__What needs to be done__. Produce word for word the lines of the data below running from the one that has "金の買取は重量が最重要。 切れているネックレス、古いデザイン、 片方だけでも問題なく査定可能です。" to the one that has "sku : R405431InformationThis", inclusive, and no others.

__Stored data entries__.
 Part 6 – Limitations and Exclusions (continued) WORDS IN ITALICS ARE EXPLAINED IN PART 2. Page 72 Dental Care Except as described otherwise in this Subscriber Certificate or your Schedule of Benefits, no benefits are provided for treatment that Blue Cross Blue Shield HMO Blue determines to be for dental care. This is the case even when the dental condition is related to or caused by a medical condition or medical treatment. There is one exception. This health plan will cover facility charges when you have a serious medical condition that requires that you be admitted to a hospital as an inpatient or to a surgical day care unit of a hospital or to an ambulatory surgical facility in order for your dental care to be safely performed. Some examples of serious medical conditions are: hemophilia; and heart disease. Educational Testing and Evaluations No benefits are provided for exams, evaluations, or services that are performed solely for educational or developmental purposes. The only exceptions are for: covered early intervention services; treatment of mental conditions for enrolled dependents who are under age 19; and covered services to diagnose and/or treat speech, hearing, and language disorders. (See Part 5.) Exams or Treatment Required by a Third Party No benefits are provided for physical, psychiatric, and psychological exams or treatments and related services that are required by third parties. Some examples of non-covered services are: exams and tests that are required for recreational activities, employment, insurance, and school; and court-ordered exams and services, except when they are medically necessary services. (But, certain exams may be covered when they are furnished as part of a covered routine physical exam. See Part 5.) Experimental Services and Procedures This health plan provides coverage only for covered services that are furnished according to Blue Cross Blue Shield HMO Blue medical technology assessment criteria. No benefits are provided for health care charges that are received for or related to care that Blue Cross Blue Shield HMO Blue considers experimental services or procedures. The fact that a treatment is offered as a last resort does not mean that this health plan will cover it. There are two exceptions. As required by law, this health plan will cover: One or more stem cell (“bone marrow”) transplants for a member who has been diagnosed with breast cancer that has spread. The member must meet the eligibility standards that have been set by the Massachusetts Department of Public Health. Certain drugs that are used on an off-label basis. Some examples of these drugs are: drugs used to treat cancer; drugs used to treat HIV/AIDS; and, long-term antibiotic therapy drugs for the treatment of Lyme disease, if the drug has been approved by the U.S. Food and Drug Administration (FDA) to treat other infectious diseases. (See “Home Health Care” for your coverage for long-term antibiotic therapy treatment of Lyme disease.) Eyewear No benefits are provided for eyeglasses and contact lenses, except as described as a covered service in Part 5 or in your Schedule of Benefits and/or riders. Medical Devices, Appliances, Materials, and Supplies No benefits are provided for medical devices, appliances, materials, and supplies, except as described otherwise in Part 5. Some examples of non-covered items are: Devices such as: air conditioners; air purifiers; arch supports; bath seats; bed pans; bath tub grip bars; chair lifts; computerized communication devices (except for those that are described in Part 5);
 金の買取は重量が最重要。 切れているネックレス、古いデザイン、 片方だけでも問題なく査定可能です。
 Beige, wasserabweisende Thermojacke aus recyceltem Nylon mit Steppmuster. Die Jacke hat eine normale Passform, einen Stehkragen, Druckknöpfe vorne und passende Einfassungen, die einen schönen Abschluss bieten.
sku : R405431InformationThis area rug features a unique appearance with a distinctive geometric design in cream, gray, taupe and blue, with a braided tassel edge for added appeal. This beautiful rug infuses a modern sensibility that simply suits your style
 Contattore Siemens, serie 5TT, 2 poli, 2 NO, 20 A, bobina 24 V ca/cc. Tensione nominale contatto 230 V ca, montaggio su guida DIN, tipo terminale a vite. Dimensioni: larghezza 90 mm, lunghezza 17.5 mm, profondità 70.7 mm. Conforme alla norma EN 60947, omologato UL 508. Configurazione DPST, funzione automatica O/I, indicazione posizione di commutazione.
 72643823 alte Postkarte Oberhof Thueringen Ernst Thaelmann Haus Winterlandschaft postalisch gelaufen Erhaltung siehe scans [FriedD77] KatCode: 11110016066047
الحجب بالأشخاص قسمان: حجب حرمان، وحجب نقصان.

__Result__.
 金の買取は重量が最重要。 切れているネックレス、古いデザイン、 片方だけでも問題なく査定可能です。
 Beige, wasserabweisende Thermojacke aus recyceltem Nylon mit Steppmuster. Die Jacke hat eine normale Passform, einen Stehkragen, Druckknöpfe vorne und passende Einfassungen, die einen schönen Abschluss bieten.
sku : R405431InformationThis area rug features a unique appearance with a distinctive geometric design in cream, gray, taupe and blue, with a braided tassel edge for added appeal. This beautiful rug infuses a modern sensibility that simply suits your style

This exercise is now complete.